In his three-year preaching career, as Jesus traveled with his disciples, he was adequately provided for. A group of women, one of whom was the wife of one of Herod’s officials, accompanied them to care for their needs (Luke 8:1-3). Jesus chose some men of substance to accompany him; Simon Peter, Andrew, James and John were in the fishing business and at least part owners of boats and other equipment. Levi (Mark 2:14), equated with Matthew (Matthew 9:9), was a publican or tax collector; in the Roman system a publican contracted with the government for a certain amount, and then could collect as much as possible and keep the excess for himself. In following Jesus, Levi gave up a comfortable, if despised, life style; he did not come to Jesus out of a state of economic deprivation. If, like the publican Zacchaeus, he gave away part his wealth to the poor and redressed anyone who had been defrauded (Luke 19:8), he doubtless brought the rest into the disciples’ common treasury. That treasury, managed by Judas Iscariot, maintained funds adequate to provide for the poor (John 13:29) as well as for the disciples’ own sustenance.
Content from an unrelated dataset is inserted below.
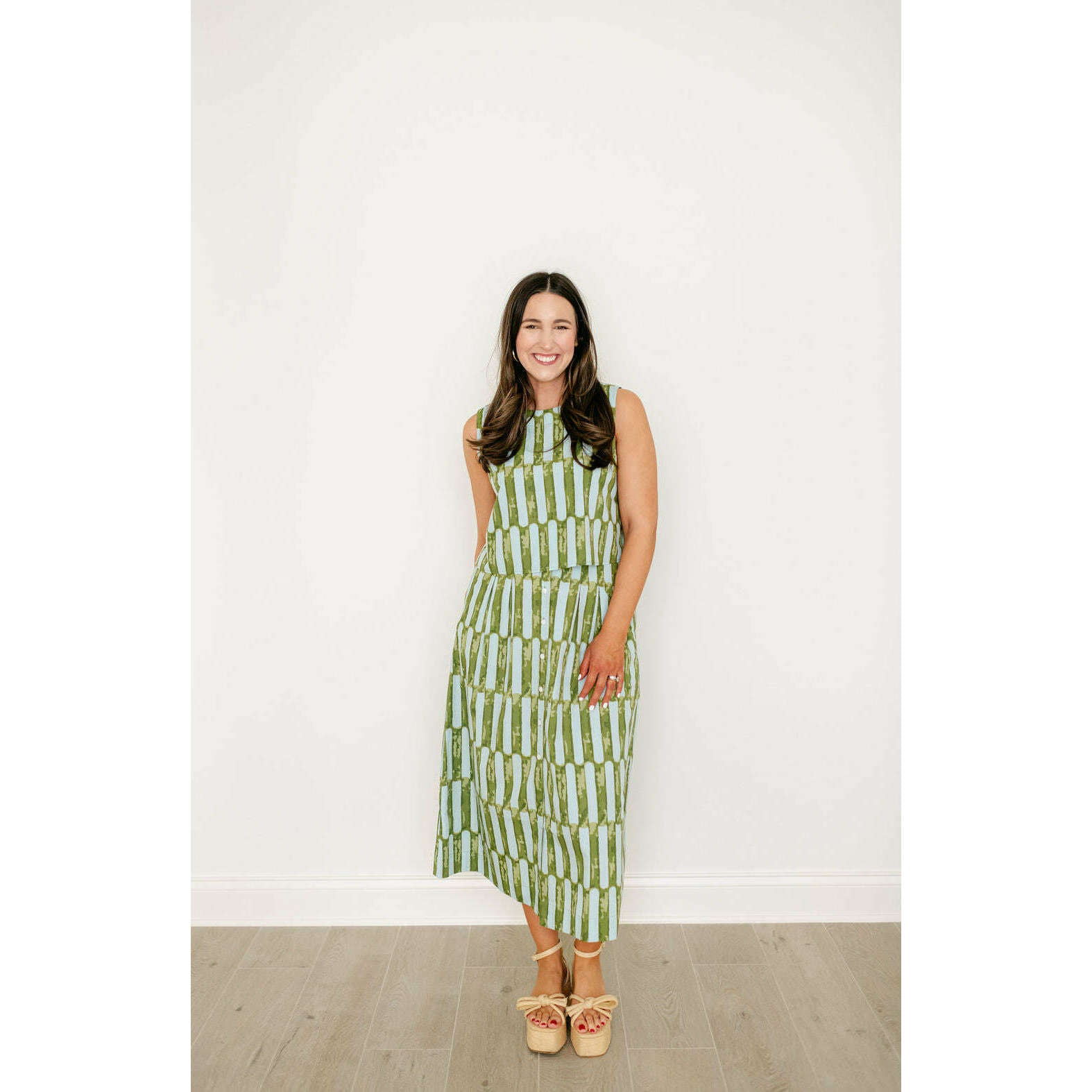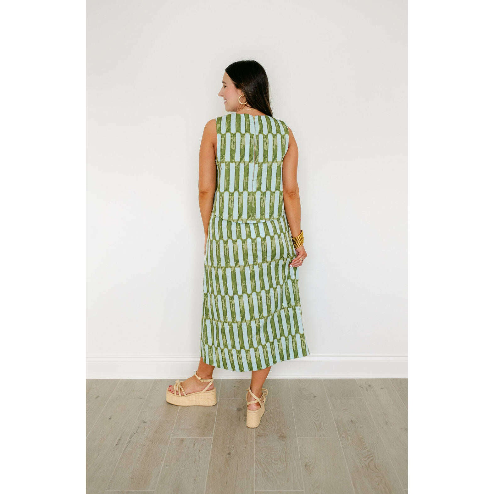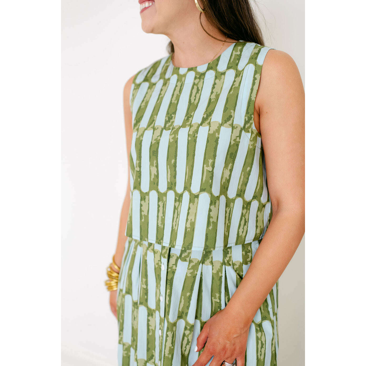The Crop Top is a versatile piece for both bold and transitional dressing this season! The Sirocco print features sweeping abstract shapes reminiscent of desert winds and sun-faded tilework. Pair with the Scout Skirt for a chic, resort-ready set.

Sending out the seventy on a mission to preach the kingdom of God and cast out demons (Matthew 10:7-10), Jesus instructed them not to take money with them or extra clothing — an instruction unnecessary unless the disciples already had such things available for their use. When Jesus taught the 5,000 men (plus women and children) at Bethsaida, and needed to provide a meal for them, the disciples proposed to buy food (Luke 9:13), and therefore they must have had sufficient resources to do that.
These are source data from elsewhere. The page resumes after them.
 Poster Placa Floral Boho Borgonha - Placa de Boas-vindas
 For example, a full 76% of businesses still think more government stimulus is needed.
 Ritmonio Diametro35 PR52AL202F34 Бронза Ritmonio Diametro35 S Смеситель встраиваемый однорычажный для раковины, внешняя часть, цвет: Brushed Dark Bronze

As his passion approached, Jesus rebuked the suggestion that a jar of expensive ointment with which a woman anointed him might better have been sold and the proceeds distributed to the poor. “You always have the poor with you,” he stated, “and whenever you will, you can do good to them” (Mark 14:4-8). His statement implies not only that the disciples had the means to help the poor, but also that they were not themselves identified with “the poor.”

Finally, as Jesus’s body hung upon the cross, the Roman soldiers, who customarily divided among themselves the clothing of the crucified, demurred at dividing Jesus’s seamless tunic (John 19:20-24). Evidently it was an unusually well made, expensive garment as opposed to the cheaper clothing of their usual victims.

When the Gospel record is consulted for details of this sort, it becomes clear that Jesus Christ, in his earthly ministry in Galilee and Judea, was not the penniless mendicant he has sometimes been made out to be. His suffering was not that of an economically poverty-stricken man, but that of the Son of God who bore the weight of the sin of his people. Critics who deride the so-called “health and wealth” gospel have no warrant for doing so in the recorded life style of Jesus himself.

And, we have to ask, what is the evangelistic impact of something other than a “health and wealth” gospel? How does a “sickness and poverty gospel” strike you? “Look, I serve the Lord and I’m sick and I’m poor — don’t you want to be like me?” You will look in vain for anything like that in the New Testament.